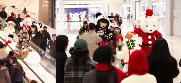 红星路同样热闹非凡,30米扶梯被装点为"雪地狂欢"主题雪道,Steiff泰迪熊们在抛雪球、堆雪人、滑雪橇的场景中错落登场,营造出灵动鲜活的冬日趣味。国际名品走廊则上演一场流光溢彩的"星光舞会"。Steiff泰迪熊家族盛装亮相,或怀抱丝绒礼盒传递惊喜,或摇响铃铛奏出节庆旋律,或以手杖勾勒甜蜜轨迹。它们伴着圆舞曲轻盈起舞,让奢华与童趣交织成冬夜的梦幻序曲,也吸引着来宾驻足合影。
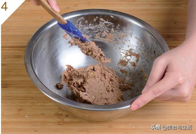 4.加入过筛的低筋面粉、核桃,用刮刀拌匀至看不见粉粒。
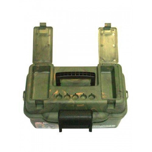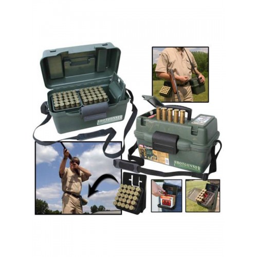 Кейс с ремнем для хранения и транспортировки патронов 12-16 калибров. Рассчитан на 100 патронов. Прочный кейс из АBS пластика с удобной складывающейся ручкой для переноски, надежной защелкой и нейлоновым ремнем для переноски через плечо. Два закрывающихся небольших отделения, а также 5 ячеек под 5 патронов на верхней части (крышке) ящика. Внутри кейса четыре пластиковых блока на 25 патронов каждый, а также специальная клипса для крепления блока или отдельной пачки патронов на поясной ремень.
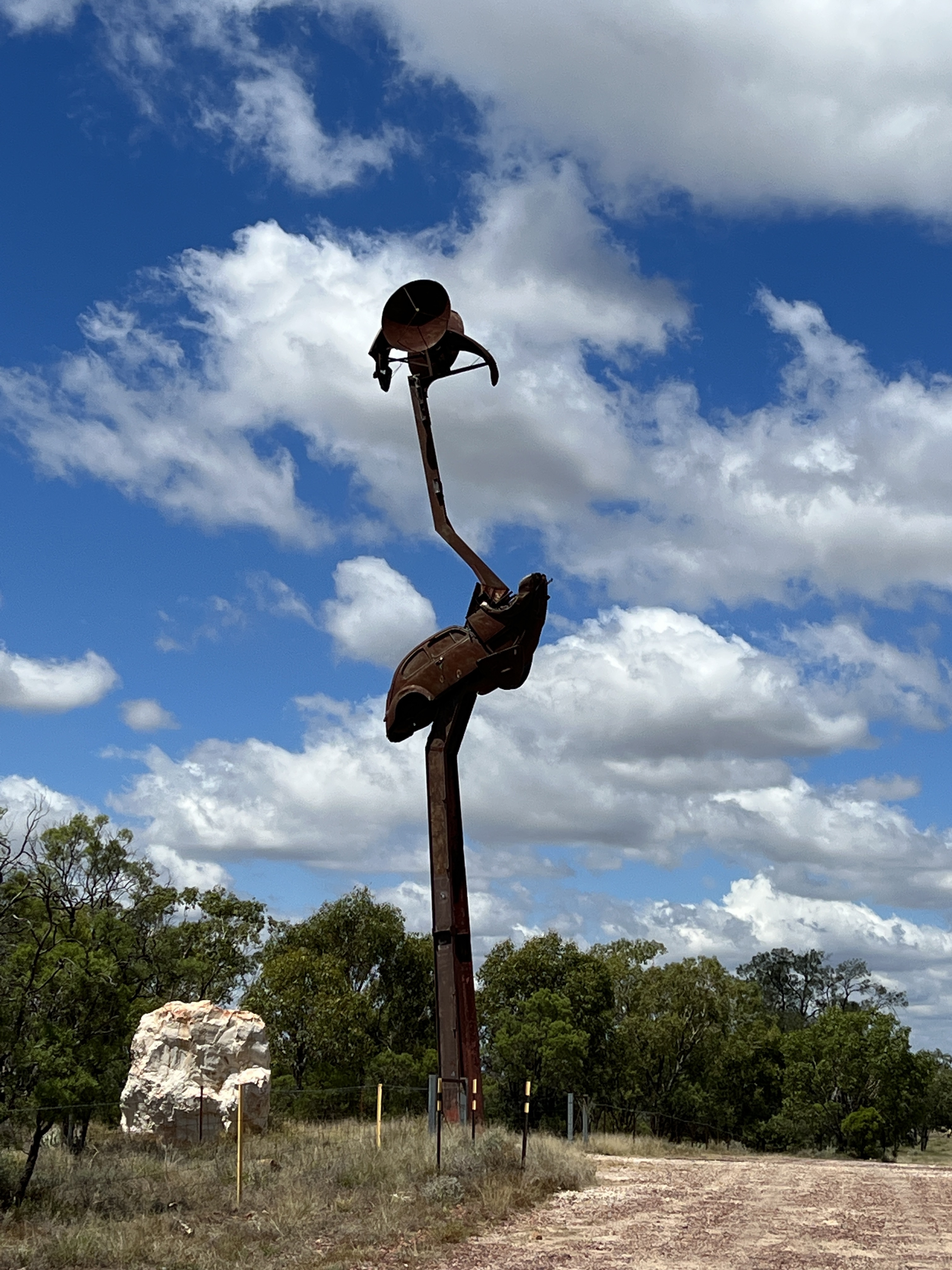 Stanley is 18 meters high and is made from scrap metal, most notably VW Beetle bonnets. He was supposed to be on the Birdsville Track as intended by the artist, but the cost of getting him there was too much. A bit of bureaucracy also came into play. The people of Lightning Ridge came to the rescue and gave Stanley a home standing on the ridge for which the area is named. He houses a time capsule in his belly to be opened in 2063.
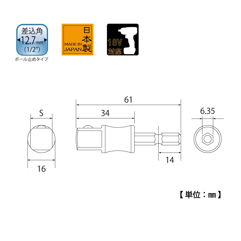 TOP Kogyo ESA-4D Socket Bit Adapter (61mm) | EMINKH.COM
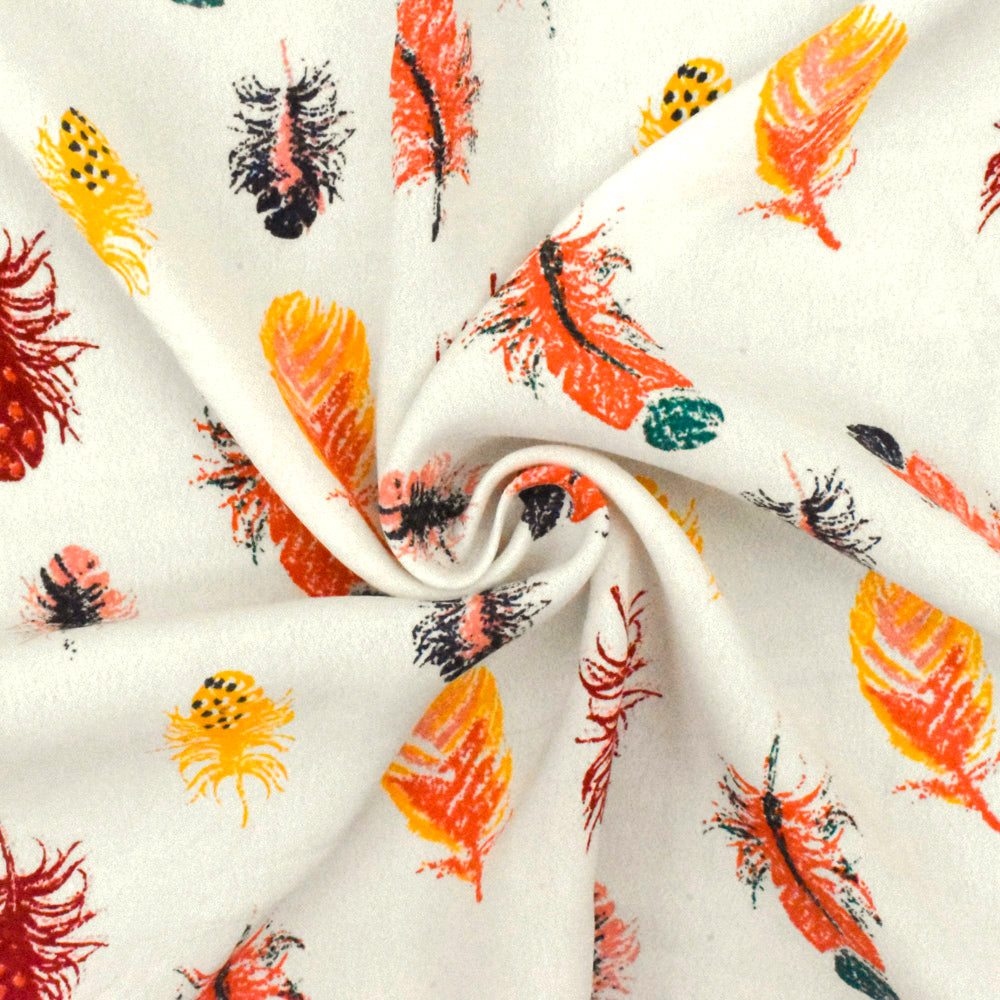 Ivory-Orange-Multi Feather Printed Rayon Crepe Faille Woven Fabric
---
Please restate the material above line by line, exactly, beginning at its first line and ending with the line that contains "4.加入过筛的低筋面粉、核桃,用刮刀拌匀至看不见粉粒。", without any pictures.

Solution for this exercise =>
 红星路同样热闹非凡,30米扶梯被装点为"雪地狂欢"主题雪道,Steiff泰迪熊们在抛雪球、堆雪人、滑雪橇的场景中错落登场,营造出灵动鲜活的冬日趣味。国际名品走廊则上演一场流光溢彩的"星光舞会"。Steiff泰迪熊家族盛装亮相,或怀抱丝绒礼盒传递惊喜,或摇响铃铛奏出节庆旋律,或以手杖勾勒甜蜜轨迹。它们伴着圆舞曲轻盈起舞,让奢华与童趣交织成冬夜的梦幻序曲,也吸引着来宾驻足合影。
 4.加入过筛的低筋面粉、核桃,用刮刀拌匀至看不见粉粒。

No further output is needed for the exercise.